[INFORMATION SUPPLIED — start]

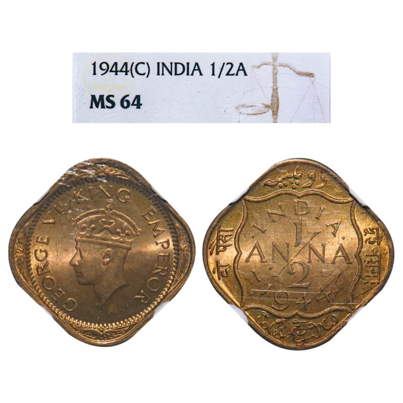 George VI, Nickel-Brass, 1/2 Anna, 1944, Calcutta Mint, Dots by India, Dashes by year. F. Prid 985. GK 1408. NGC Slabbed MS 64. Rare.
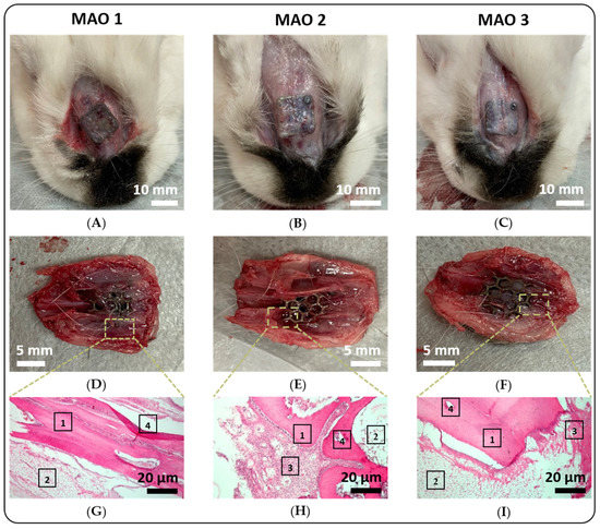 Histological evaluation: Analysis of bone tissue fragments with adjacent soft tissues from the area of implantation shows fibrosis of varying degrees observed for all 3D implants. Inflammatory changes were noted only in isolated cases, due to the absence of inflammatory inducing parameters of MAO 1–3 coatings on the 3D implants. For implants with MAO 1 and MAO 3 coatings, the level of fibrosis is moderate (Figure 7G,I), but in two cases there are small sites of productive inflammatory infiltration (MAO 1). In the the case of implants with MAO 2 coating, fibrosis is more pronounced (Figure 7H). Morphological assessment of the implantation area and the characteristics of the course of the postoperative follow-up after 60 days, the best integration properties, as well as the absence of inflammatory complications in the implantation area, were shown by 3D printed implants surface-modified with MAO 3 coatings (Figure 7G–I).
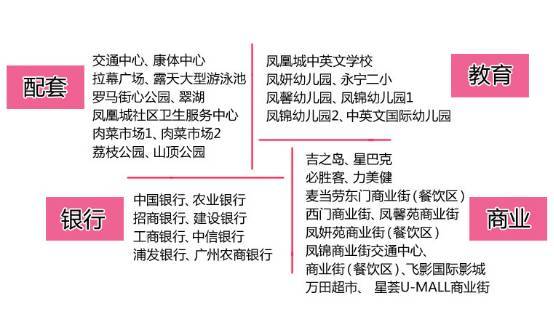 其中,凤凰城通过在社区内部修建交通中心(南部凤妍、东部凤馨、中部凤锦、北部凤晴四大交通中心),设置大批楼巴以及苑区内免费接驳交通系统,将社区小交通与广园快速路连通起来。
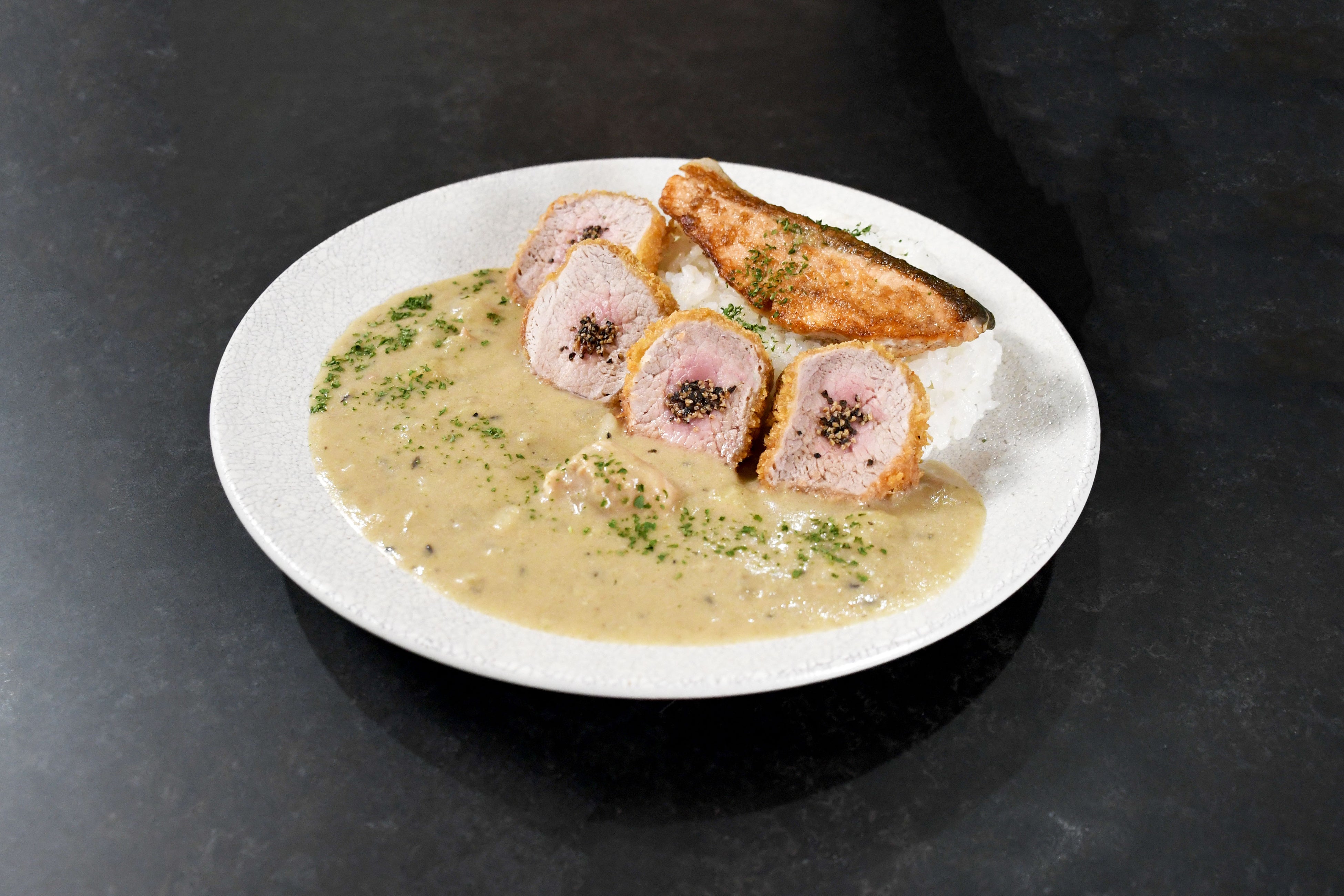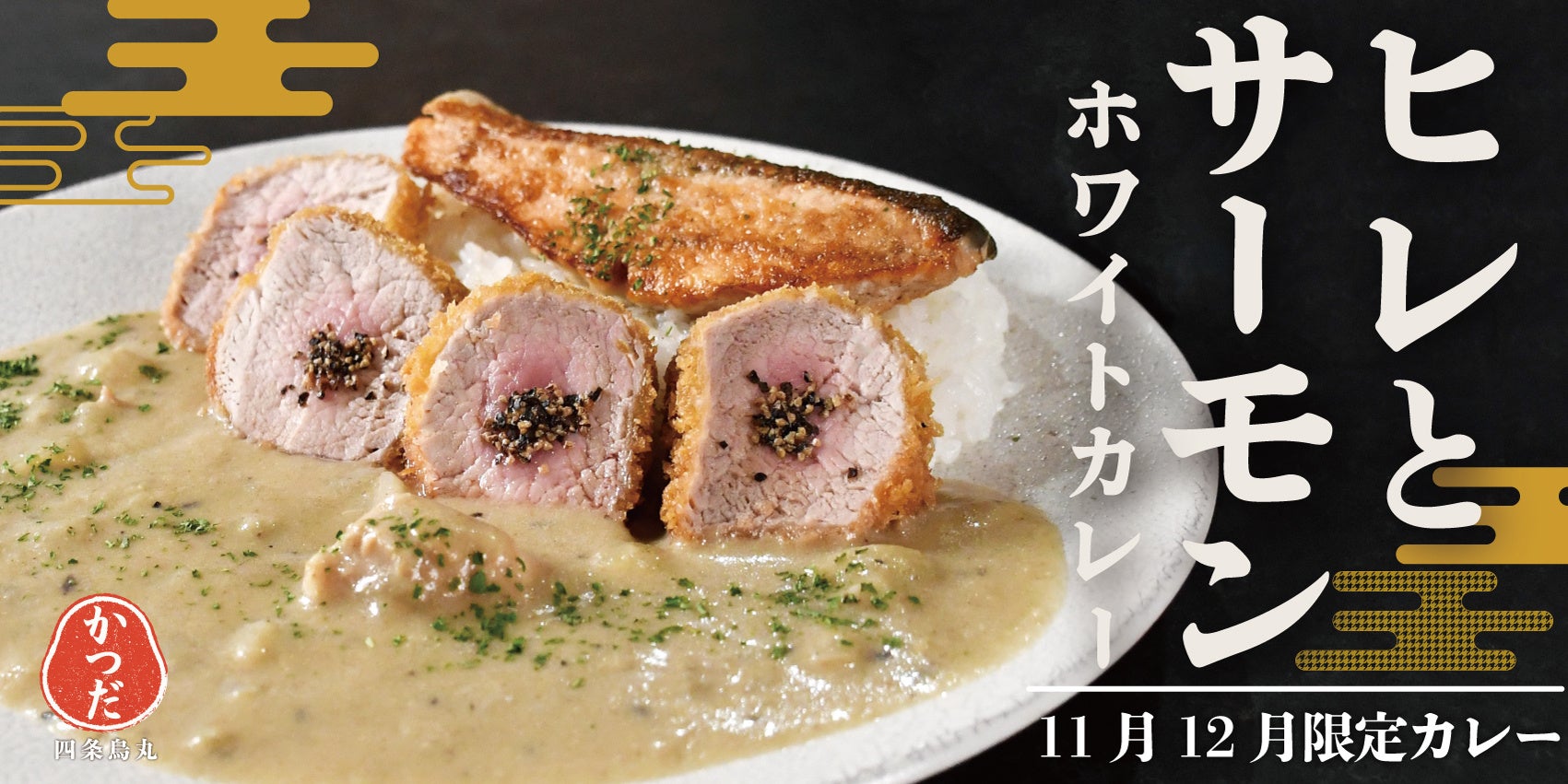 「ヒレとカレー 京都かつだ」期間限定メニュー「ヒレカツとサーモンムニエルのホワイトカレー」を11月12月限定で販売。
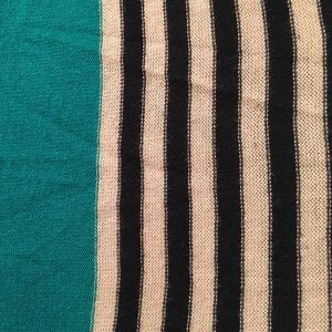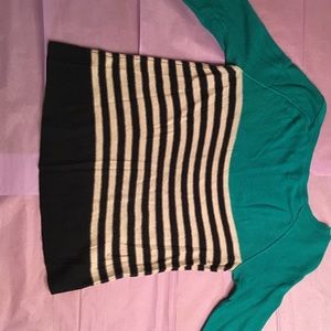 Dark turquoise color on top. Navy blue and cream stripes on bottom. Made out of nylon, wool and rayon. Quarter sleeves right past elbows.
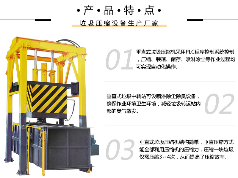 垂直垃圾压缩中转站设备是一种符合环保要求的新概念的生活垃圾收集设施,采用液压系统控制,将垃圾在密封的储存仓内强制压缩,使一般生活垃圾的压缩比达到3:1以上,压缩后体积缩小、密度增大、减少外运次数、降低清运费用。
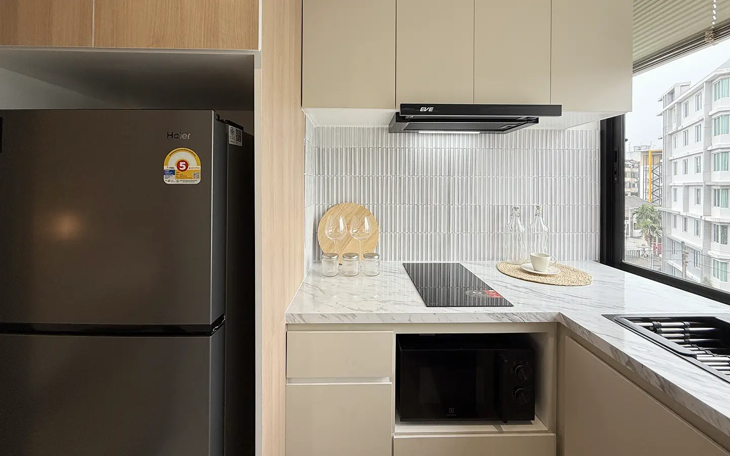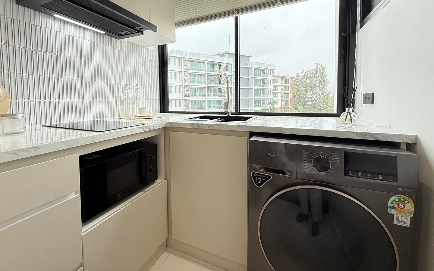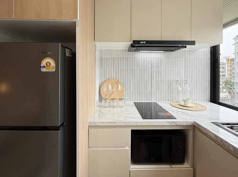 The Western-style kitchen comes with built-in cabinets at a comfortable height for European standards and includes a large window where you can enjoy both mountain and city views.
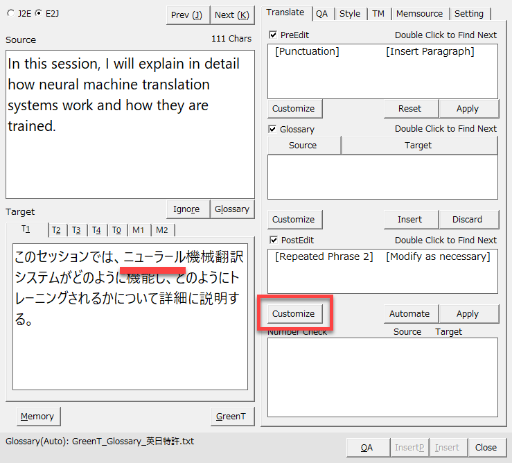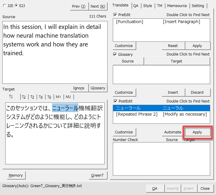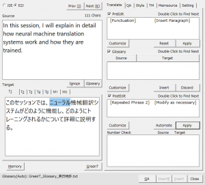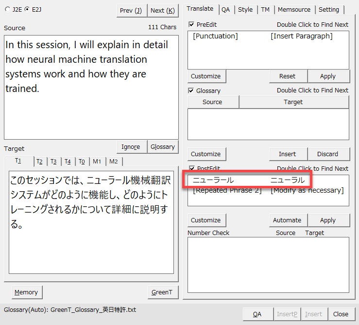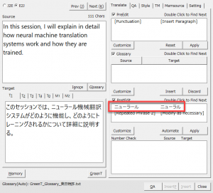 すると、訳文中の「ニューラール」の言葉が「ニューラル」に修正されます。言葉を一つ一つ確認しながら修正する作業にむいています。

[INFORMATION SUPPLIED — finish]

[WHAT YOU NEED TO DO]:
Print exactly the lines from the one containing "垂直垃圾压缩中转站设备是一种" through the last line of the records, both included, and leave out the pictures.

[ANSWER FOR THIS EXERCISE]:
 垂直垃圾压缩中转站设备是一种符合环保要求的新概念的生活垃圾收集设施,采用液压系统控制,将垃圾在密封的储存仓内强制压缩,使一般生活垃圾的压缩比达到3:1以上,压缩后体积缩小、密度增大、减少外运次数、降低清运费用。
 The Western-style kitchen comes with built-in cabinets at a comfortable height for European standards and includes a large window where you can enjoy both mountain and city views.
 すると、訳文中の「ニューラール」の言葉が「ニューラル」に修正されます。言葉を一つ一つ確認しながら修正する作業にむいています。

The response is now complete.